Web Scraping
Ingest content from websites into your RAG application using our web scraping capabilities.
Overview
Web scraping in RAGaaS allows you to:
- Ingest content from multiple URLs
- Process entire sitemaps
- Crawl websites with configurable rules
- Extract content with specific selectors
Getting Started
To use web scraping in RAGaaS:
-
Sign up for a Firecrawl account
- Firecrawl is our current web scraping provider
- More providers coming soon
- Free tier available for testing
-
Get your API key from Firecrawl
- Log in to your Firecrawl account
- Navigate to API Keys section
- Create a new API key
-
Make sure to update your namespace to include your webScraperConfig.
{
"webScraperConfig": {
"provider": "FIRECRAWL",
"apiKey": "your-firecrawl-api-key"
}
}
Ingestion Methods
RAGaaS provides three methods for web content ingestion:
1. URL List Ingestion
Ingest content from a list of specific URLs:
curl -X POST https://api.ragaas.dev/v1/ingest/urls \
-H "Authorization: Bearer $RAGAAS_API_KEY" \
-H "Content-Type: application/json" \
-d '{
"namespaceId": "your-namespace",
"ingestConfig": {
"source": "URLS_LIST",
"config": {
"urls": [
"https://example.com/page1",
"https://example.com/page2"
],
"scrapeOptions": {
"includeSelectors": ["article", "main"],
"excludeSelectors": [".navigation", ".footer"]
},
"metadata": {
"source": "website",
"category": "docs"
}
},
"chunkConfig": {
"chunkSize": 1000,
"chunkOverlap": 100
}
}
}'
2. Sitemap Processing
Ingest all URLs from a sitemap:
curl -X POST https://api.ragaas.dev/v1/ingest/sitemap \
-H "Authorization: Bearer $RAGAAS_API_KEY" \
-H "Content-Type: application/json" \
-d '{
"namespaceId": "your-namespace",
"ingestConfig": {
"source": "SITEMAP",
"config": {
"url": "https://example.com/sitemap.xml",
"scrapeOptions": {
"includeSelectors": ["article", "main"],
"excludeSelectors": [".navigation", ".footer"]
}
},
"chunkConfig": {
"chunkSize": 1000,
"chunkOverlap": 100
}
}
}'
3. Website Crawling
Crawl a website with custom rules:
curl -X POST https://api.ragaas.dev/v1/ingest/website \
-H "Authorization: Bearer $RAGAAS_API_KEY" \
-H "Content-Type: application/json" \
-d '{
"namespaceId": "your-namespace",
"ingestConfig": {
"source": "WEBSITE",
"config": {
"url": "https://example.com",
"maxDepth": 3,
"maxLinks": 100,
"includePaths": ["/docs", "/blog/posts"],
"excludePaths": ["/admin"],
"scrapeOptions": {
"includeSelectors": ["article", "main"],
"excludeSelectors": [".navigation", ".footer"]
}
},
"chunkConfig": {
"chunkSize": 1000,
"chunkOverlap": 100
}
}
}'
Configuration Options
Scraping Options
Control which parts of the HTML to extract:
-
includeSelectors: CSS selectors for content to include
{ "includeSelectors": ["article", "main", ".content"] }
-
excludeSelectors: CSS selectors for content to exclude
{ "excludeSelectors": [".ads", ".navigation", ".footer"] }
Website Crawling Options
Configure how the website is crawled:
- maxDepth: How many links deep to crawl (1-10)

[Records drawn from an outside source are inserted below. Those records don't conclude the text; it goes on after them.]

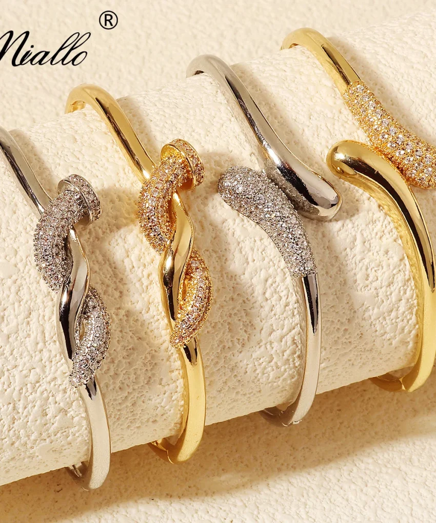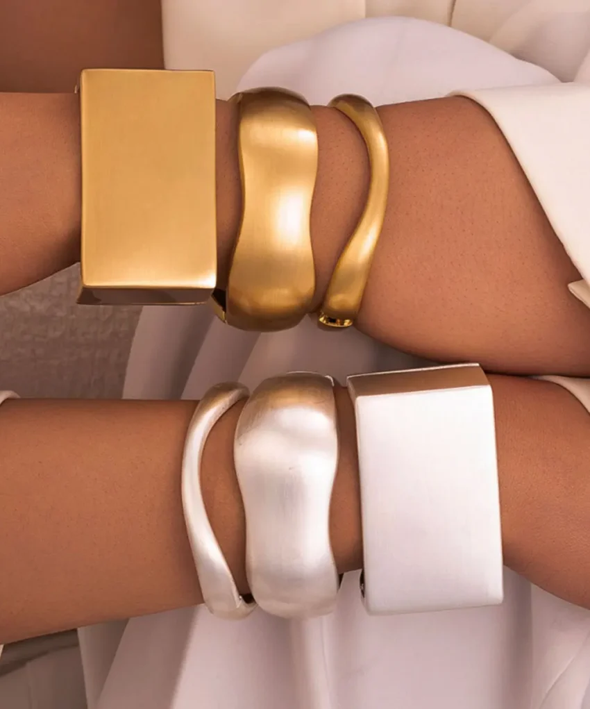 KMVEXO Chunky Heavy Wide Metal Water Drop Bangles for Women Gold Color Open Cuff Thick Irregular Wave Bangle Bracelet Jewelry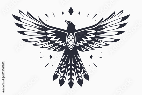 © Shipon, Obraz premium Monochromatic stylized eagle spreads out its detailed wings, adorned with diamonds and feathers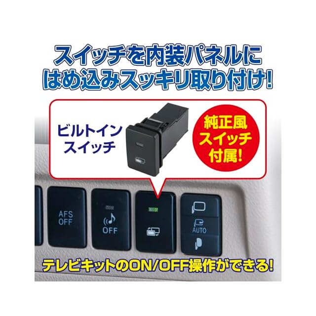 走行中は映像が映らない純正ナビ。このテレビキットシリーズがあれば、走行中でもテレビ/DVDが楽しめます。純正風スイッチで目立たずスマートに取り付け
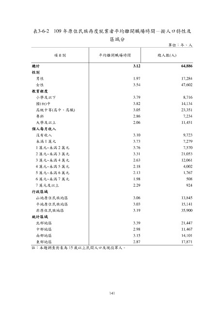 表3-6-2 109 年原住民族再度就業者平均離開職場時間-按人口特性及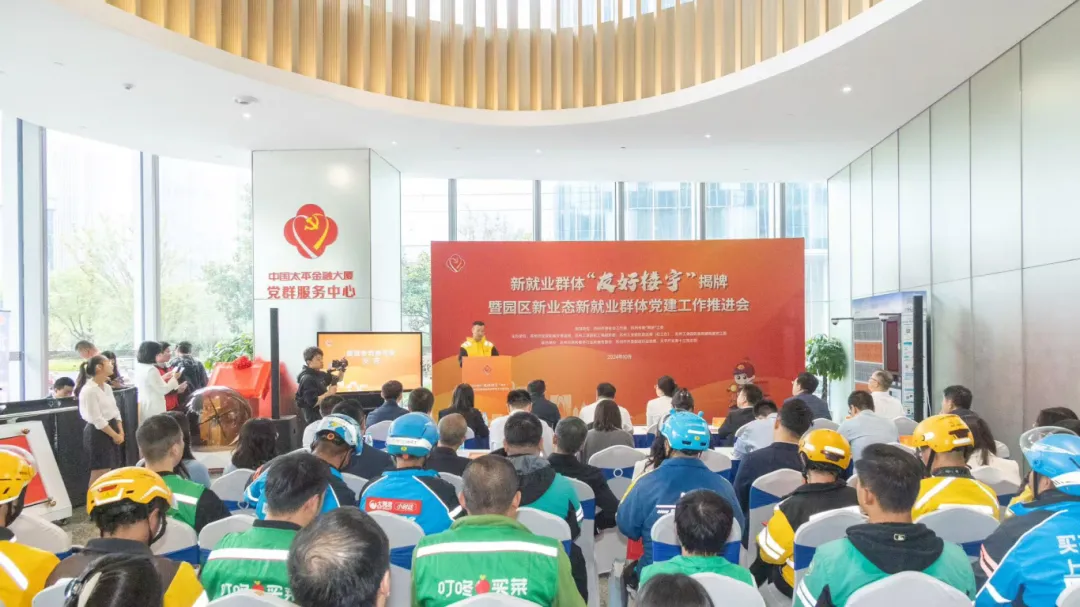 2024年底,大廈開放了小哥“暖新”食堂、星騎士快遞小哥驛站等服務配套,為周邊有需求的人員、“兩新”群體提供暖心支持,并榮獲蘇州市首個服務新就業群體“友好樓宇”榮譽稱號。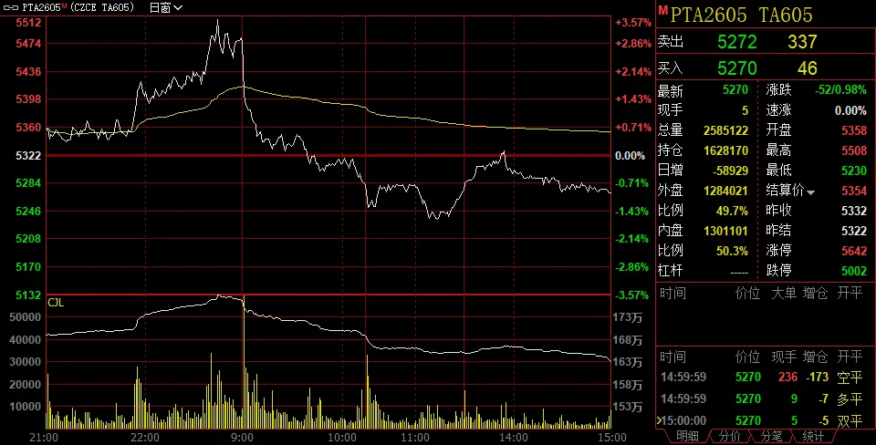 夜盘国际油价升至新高,再度点燃本已强势的化工期货,聚酯链积极跟涨,但盘初商品普遍跳水,收盘PTA下滑0.98%。本周PTA供应端表现稳定,随着终端负荷的持续下降,聚酯检修企业增多,平衡表累库范围扩大。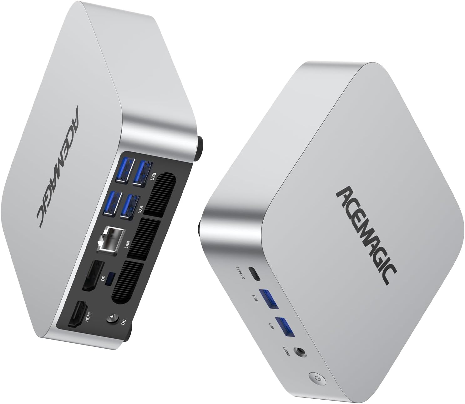 • 【Елегантен и компактен】Уморени ли сте от обемисти настолни компютри? ACEMAGIC Mini PC ще промени мнението ви! Той е с дизайн 12,8 x 12,8 x 4,1 см и компактно шаси, което заема минимално място. Също така разполага с VESA стойка и може да се монтира зад монитор, на гърба на бюро или на стена. Лесно се интегрира в различни среди, създавайки подредено и удобно работно пространство за вас.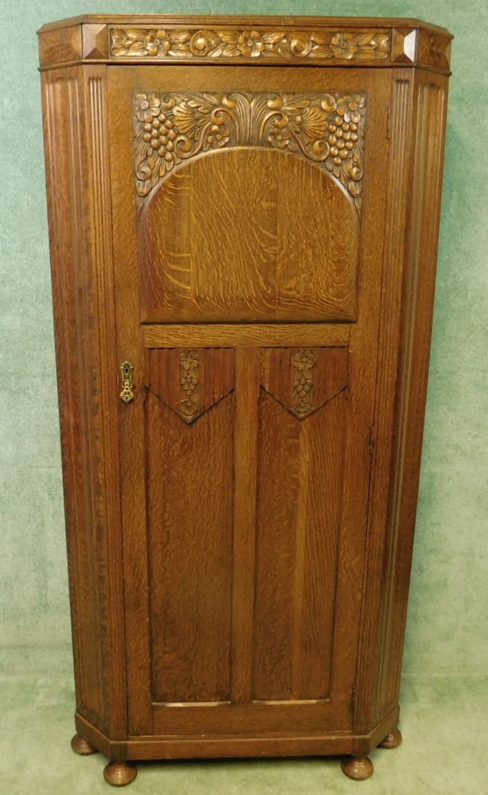 Carved Oak Canted Hall Wardrobe c.1920 (1 of 1)

- maxLinks: Maximum number of URLs to process
- includePaths: URL paths to include (e.g., ["/docs", "/blog"])
- excludePaths: URL paths to exclude (e.g., ["/admin", "/private"])
Chunking Options
Control how content is split:
{
"chunkConfig": {
"chunkSize": 1000,
"chunkOverlap": 100
}
}
Tracking Progress
All ingestion methods are asynchronous and return an ingestJobRunId
:
{
"success": true,
"message": "Added your urls ingestion request to the queue",
"data": {
"ingestJobRunId": "ijr_abc123"
}
}
Check ingestion status:
curl https://api.ragaas.dev/v1/ingest-job-runs/ijr_abc123?namespaceId=your-namespace \
-H "Authorization: Bearer $RAGAAS_API_KEY"
Response:
{
"success": true,
"message": "Fetched ingest job run details successfully",
"data": {
"id": "ijr_abc123",
"status": "PROCESSING",
"documents": {
"queued": [...],
"processing": [...],
"completed": [...],
"failed": [...]
}
}
}
Best Practices
Content Selection
- Use specific CSS selectors to target main content
- Exclude navigation, footers, and ads
- Test selectors on sample pages first
URL Management
- Start with small URL lists
- Use path patterns to focus crawling
- Set reasonable maxLinks limits
Resource Usage
- Monitor ingestion job status
- Use appropriate chunk sizes
- Consider rate limits and quotas
Limitations
Current limitations with Firecrawl integration:
- JavaScript rendering: Supported
- Cookie handling: Supported
- Custom headers: Supported
- Rate limits: Based on Firecrawl plan